We have examined the pleadings and testimony in this case with great care. We agree with the chancellor in finding that Thomas Bragg’s intent in selling and conveying his property to Willis Bragg, his brother, and to Carson, his cousin, was fraudulent; and if he alone were concerned, we would not hesitate to declare the property subject to Pattison’s claim. — Borland v. Mayo, 8 Ala. 104; Marshall v. Croom, 52 Ala. 554; Cranford v. Kirksey, 55 Ala. 282; Hubbard v. Allen, 59 Ala. 283; Donegan v. Davis, 66 Ala. 362; Lehman v Kelly, 68 Ala. 192; Hodges v. Coleman, 76 Ala. 103. But the complainant in his bill called for a sworn discovery from the purchasers, and propounded to them searching interrogatories. Their answers are a very full denial of all knowledge on their part of Thomas Bragg’s fraudulent purpose, and of his indebtedness beyond what he provided for in his sale to them. They equally denied all participation in any and all fraudulent intent on the part of Thomas Bragg, if he entertained such intent. The testimony fails to overcome these denials, and it results that in this phase of the case complainant must fail.

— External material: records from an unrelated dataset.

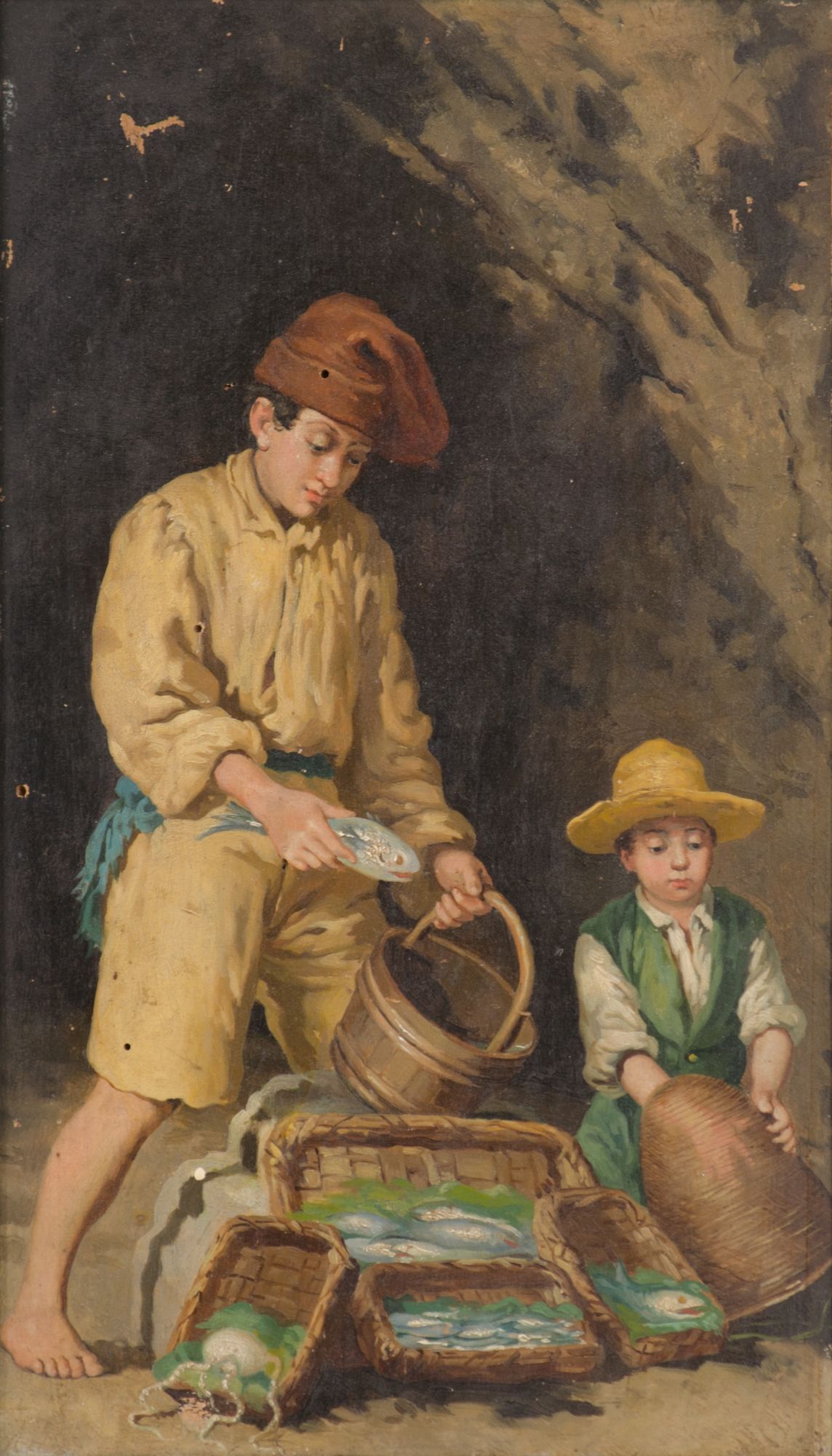 MICHELE RICCI OLIO su tavoletta "venditore di pesce", firmato sul retro. XIX secolo Misure: cm 31 x 18
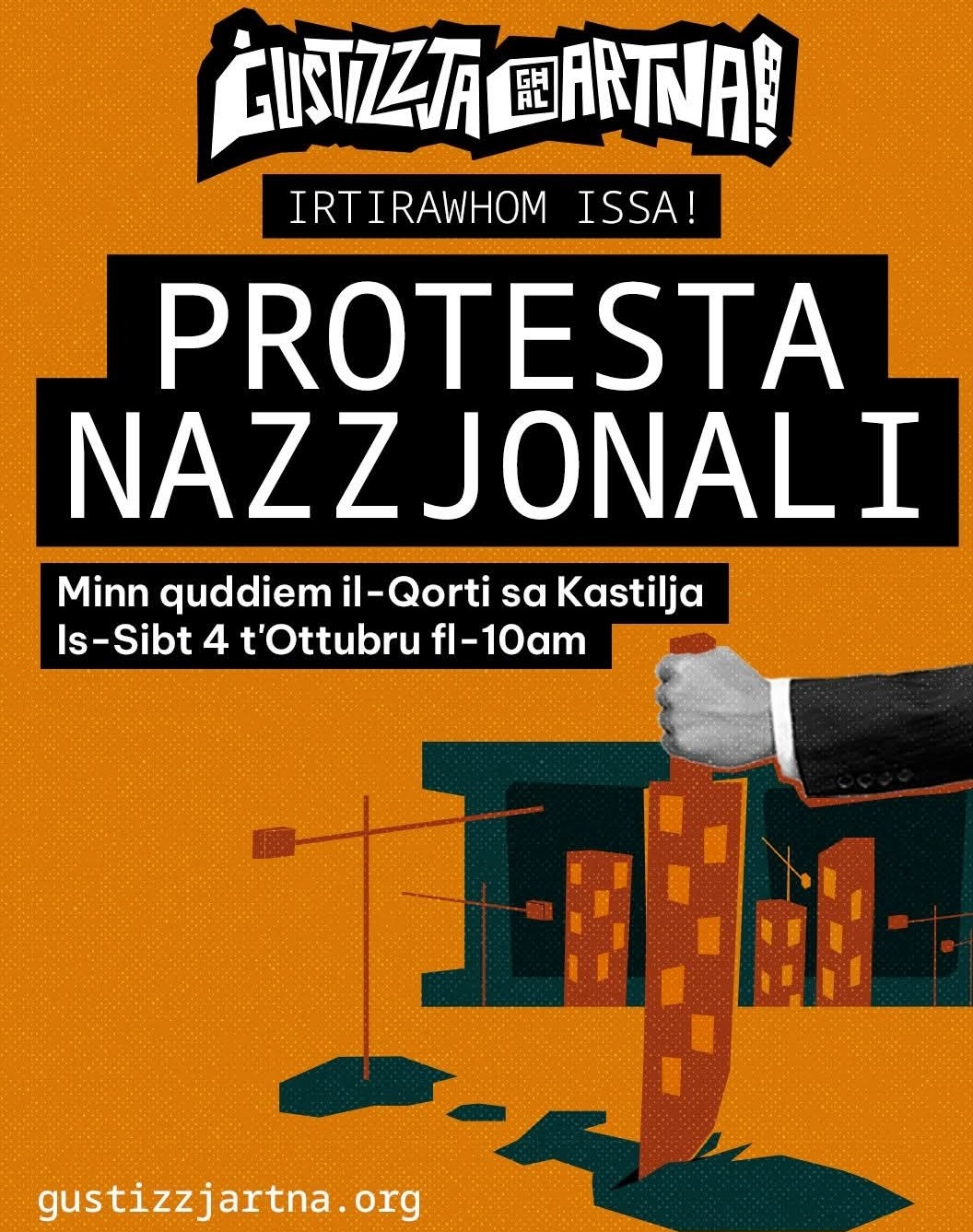 A national protest, Ġustizzja għal Artna: Irtirawhom Issa!, is being called for Saturday 4th October at 10am in response to…
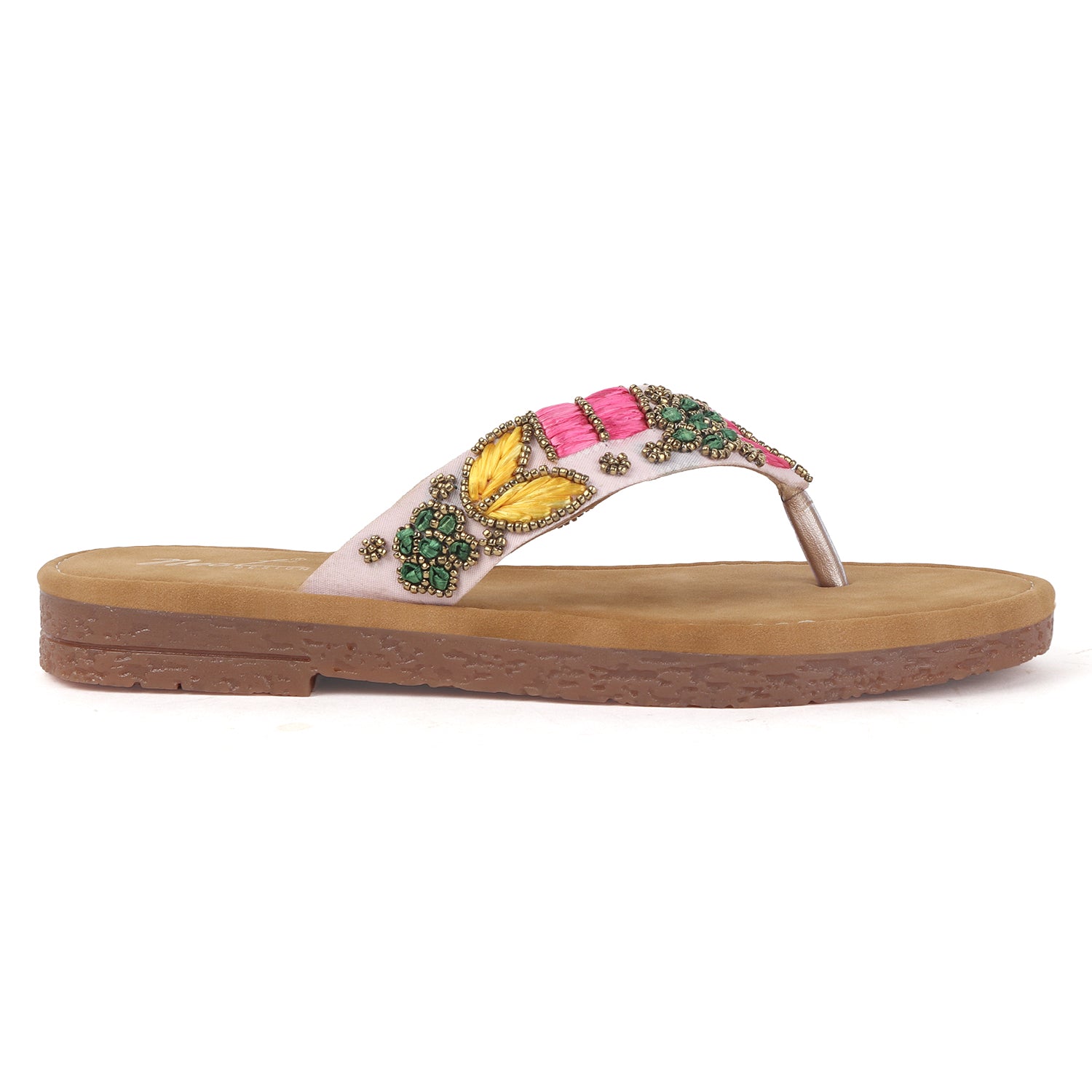 Step into artistry with these handcrafted embroidered flats, featuring vibrant floral beadwork in pink, yellow, and turquoise on a sleek black strap. The plush tan footbed offers all-day comfort, while the intricate detailing adds a touch of bohemian elegance to any outfit.
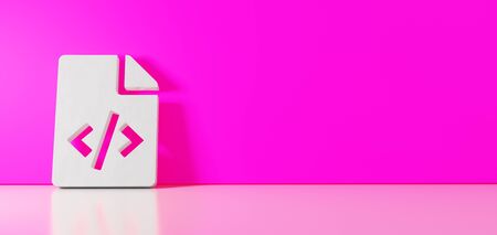 3D rendering of white symbol of paper with bent corner and code symbol icon leaning on on color wall with floor blurred reflection with empty space on right side
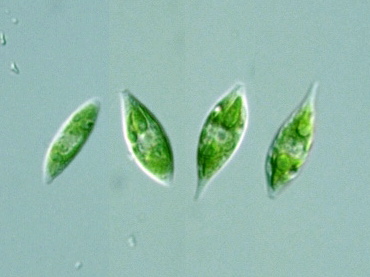 chloroplasts plate-like, with two large pyrenoids one located at anterior half and another at posterior half,
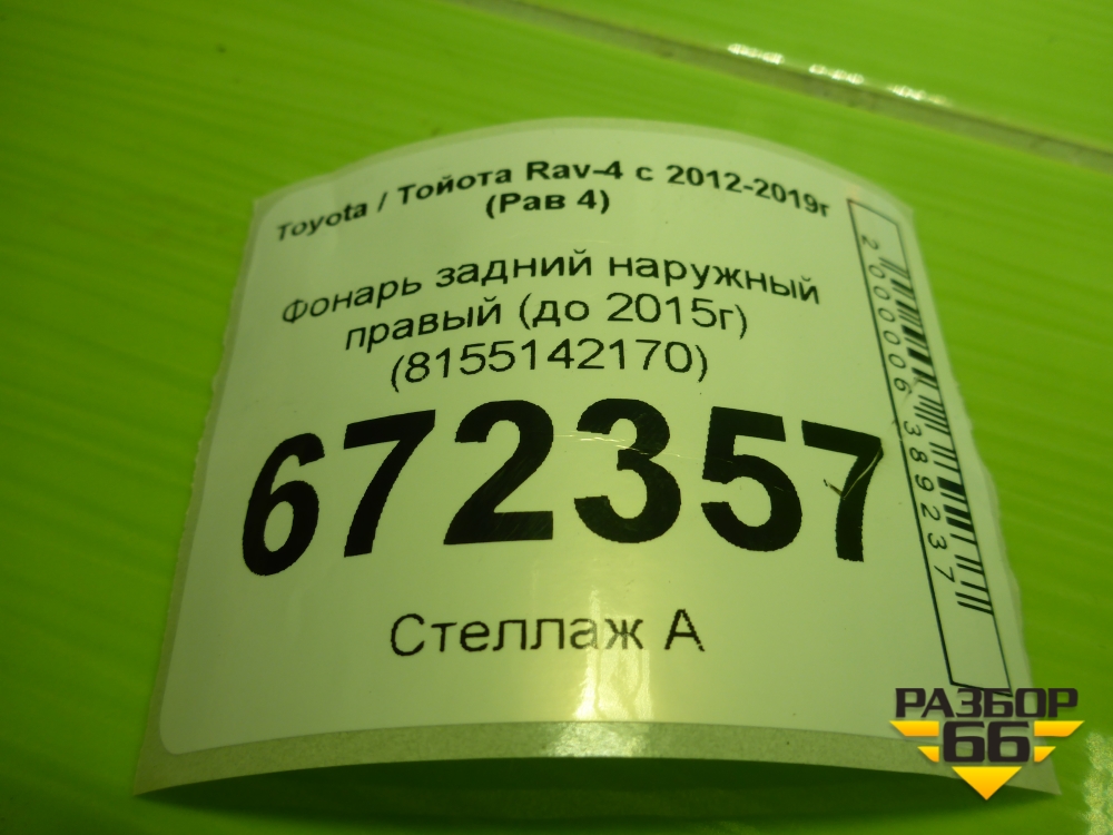 Фонарь задний наружный правый (до 2015г) (8155142170) для Toyota Rav-4 с 2012-2019г (Рав 4) в Москве

It is contended here that, if complainant fails in this leading aspect of his case, then he is entitled to recover the amount of his claim out of the sixteen hundred dollars of purchase-money, which Willis Bragg and Carson owed when this bill was filed and process served on them. A sufficient answer to this contention is, that the bill contains neither averment nor prayer which could raise that issue, even if it be conceded such purpose could be conjoined with the main object of the bill. — Caldwell v. King, 76 Ala. 149; Coffey v. Norwood, 81 Ala. 512; Parsons v. Johnson, 84 Ala. 254; Shealy v. Edwards, 78 Ala. 176.
The decree of the chancellor is in all respects affirmed.